In other words, $b$ is the maximum of the whole set, on one hand bigger than all integers, on the other bigger than $a$, but the integers are not comparable with $a$. Now, take $A=\{a\}, B=\mathbb Z$ and you will see that $a=\sup A, b=\sup B$ and $b\gt a$ but none of the elements of $\mathbb Z$ is comparable to $a$ so cannot be an upper bound of $A$.

Answer 5

No, it's not justified, unless $A$ and $B$ are sets of integers.
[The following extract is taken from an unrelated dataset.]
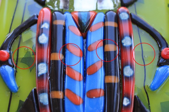 So, do you think that there is an issue with too many colors? could it be the fault of air bubbles in the base layer? How would you change the firing schedule?

What you can say,is that $m -\frac12(m-\sup A)>\sup A$, and there's necessarily an element $b\in B$ such that $$m\ge b>m-\tfrac12(m-\sup A)>\sup A.$$ since $m=\sup B$. The conclusion follows.

Answer 6

This is an answer to the question in the title of question and preassumes that we are dealing with a total order that has the least upper bound property.

If no such $b\in B$ exists then automatically $\sup A$ is an upper bound of $B$ so that $\sup B\leq\sup A$. This contradicts the data in your question.

Answer 7

By definition any number greater than $\sup A$ is an upper bound for $A$ and thus every number lying in interval $[\sup A, \sup B] $ is an upper bound for $A$. And by definition of supremum there exists at least one element $b\in B$ which lies in interval $(\sup A, \sup B] $. Thus $b\in B$ is an upper bound for $A$.